- Active: April 1943 – September 1956
- Country: Soviet Union
- Branch: Red Army (Soviet Army from 1946)
- Type: Rifle corps
- Engagements: World War II
- Honorifics: Prut

= 35th Guards Rifle Corps =

The 35th Guards Rifle Corps (35-й гвардейский стрелковый корпус) was a rifle corps of the Red Army during World War II that became part of the Soviet Army during the Cold War.

== World War II ==

=== Formation ===
The 35th Guards Rifle Corps was formed in accordance with a Stavka directive of 18 April 1943 by the conversion of the 7th Rifle Corps (Second formation) of the 64th Army (which itself soon became the 7th Guards Army) into a Guards unit in recognition of its actions in the Battle of Stalingrad.
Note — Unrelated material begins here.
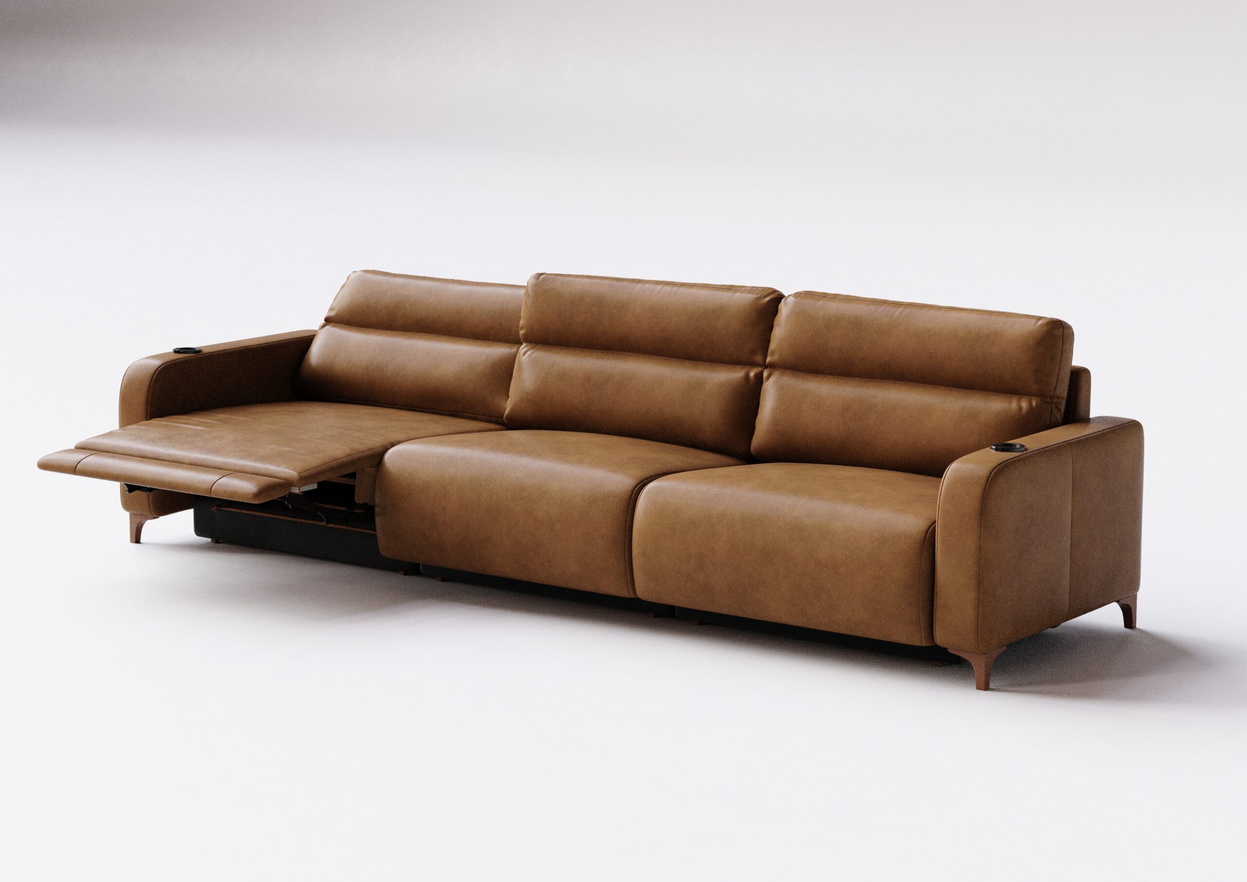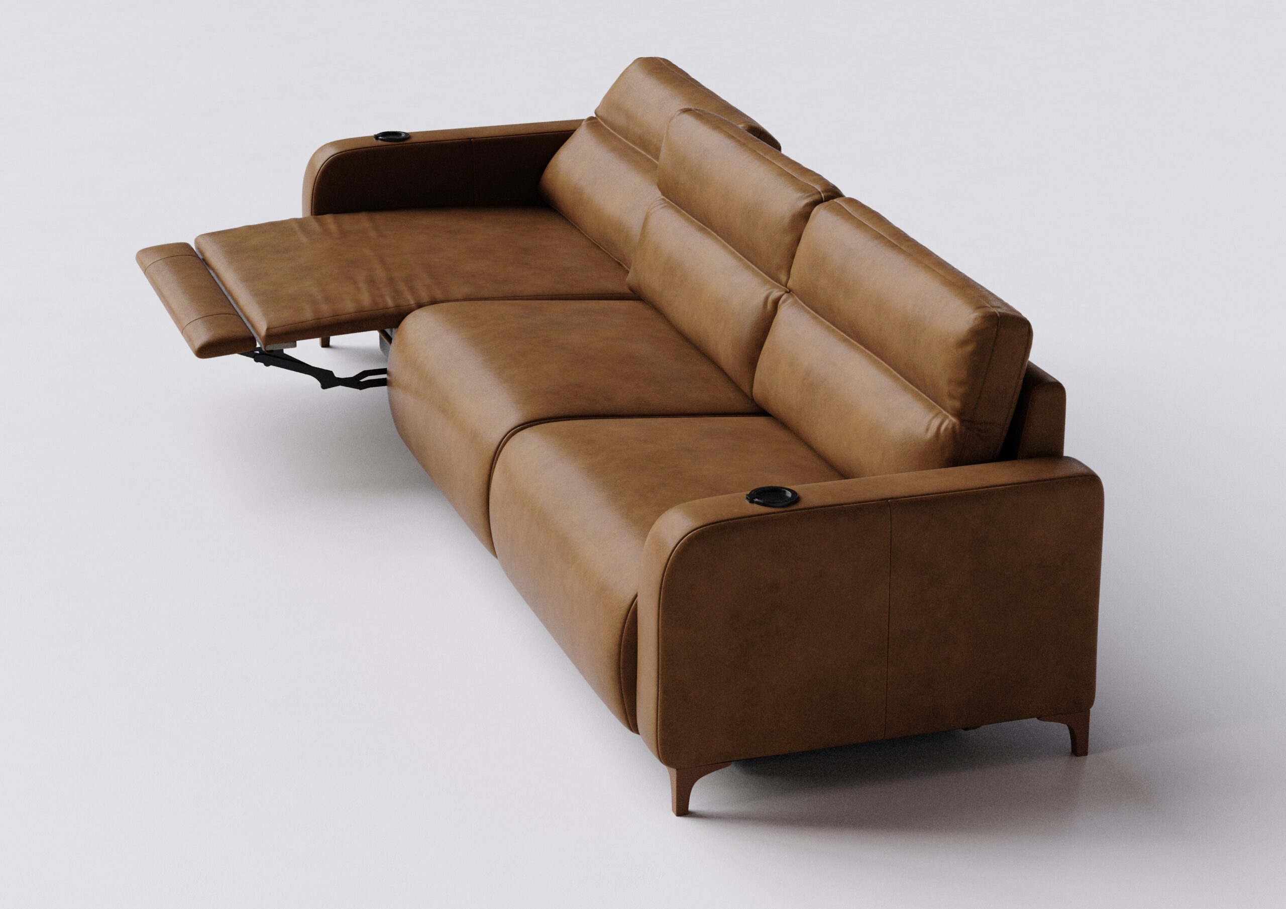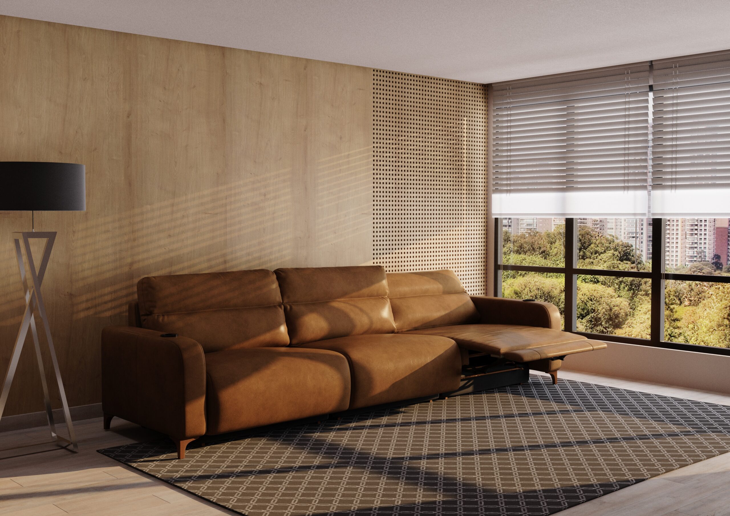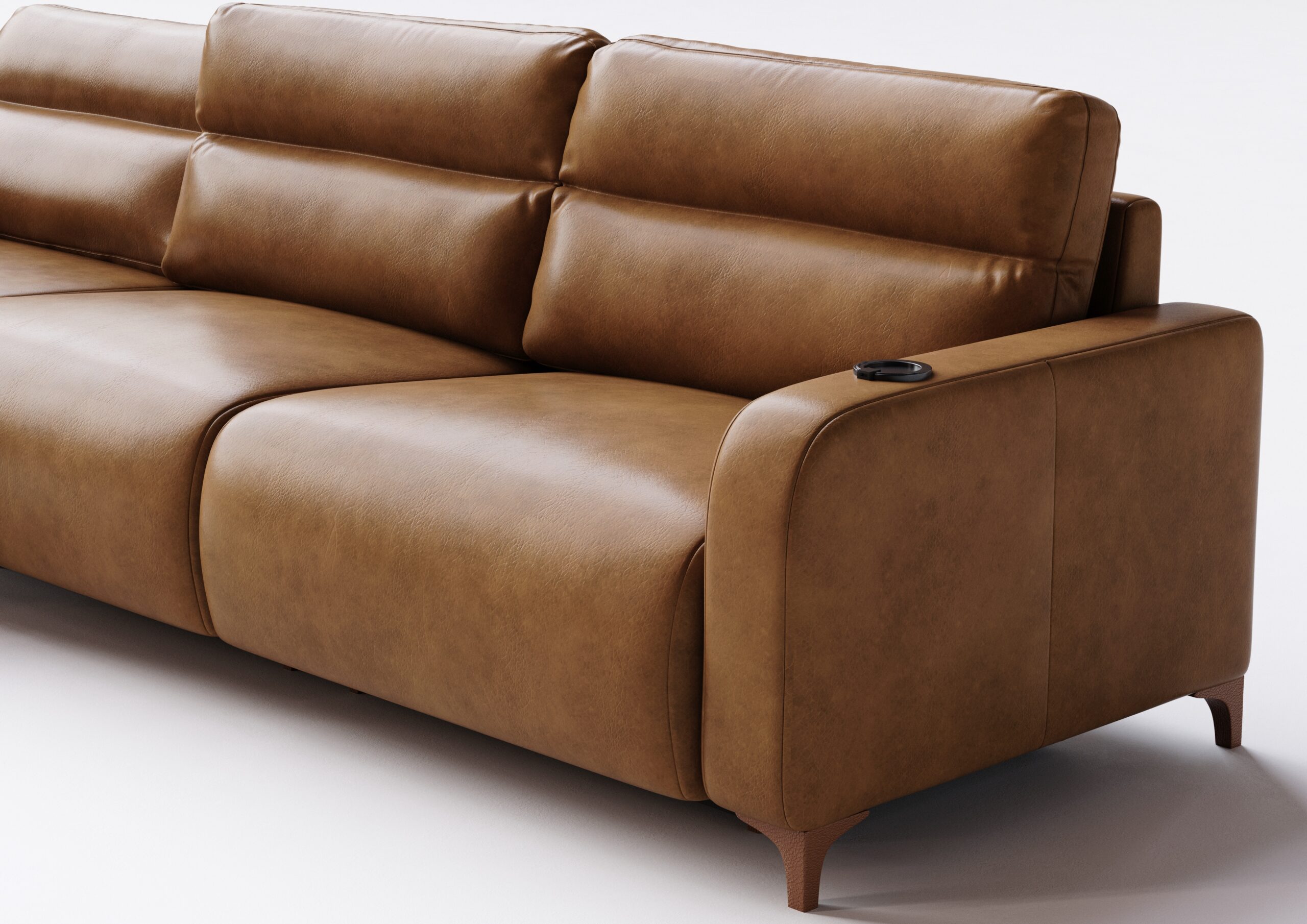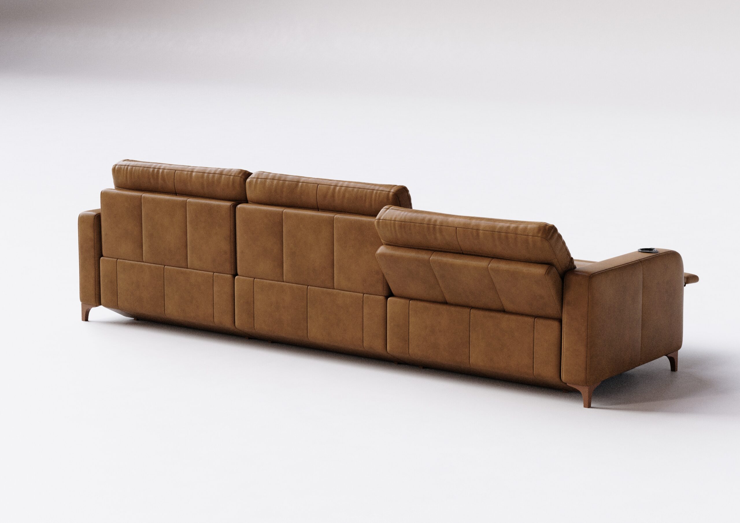 Seus comandos automáticos, o toque suave do couro e o porta-copos com resfriamento embutido unem praticidade e elegância, enquanto o acabamento refinado traduz toda a sofisticação da Buriti Estofados.

Corps troops included the 52nd Separate Communications and 8th Separate Sapper Battalions, which became the 138th and 105th Separate Guards, respectively, on 4 May. Its 12th, 13th, and 14th Guards, and 92nd, 96th, and 149th Rifle Brigades were simultaneously combined to form the 92nd, 93rd, and 94th Guards Rifle Divisions, with each division being formed from two brigades. The commander of the 7th Rifle Corps, Lieutenant General Sergey Goryachev, continued in command of the 35th Guards.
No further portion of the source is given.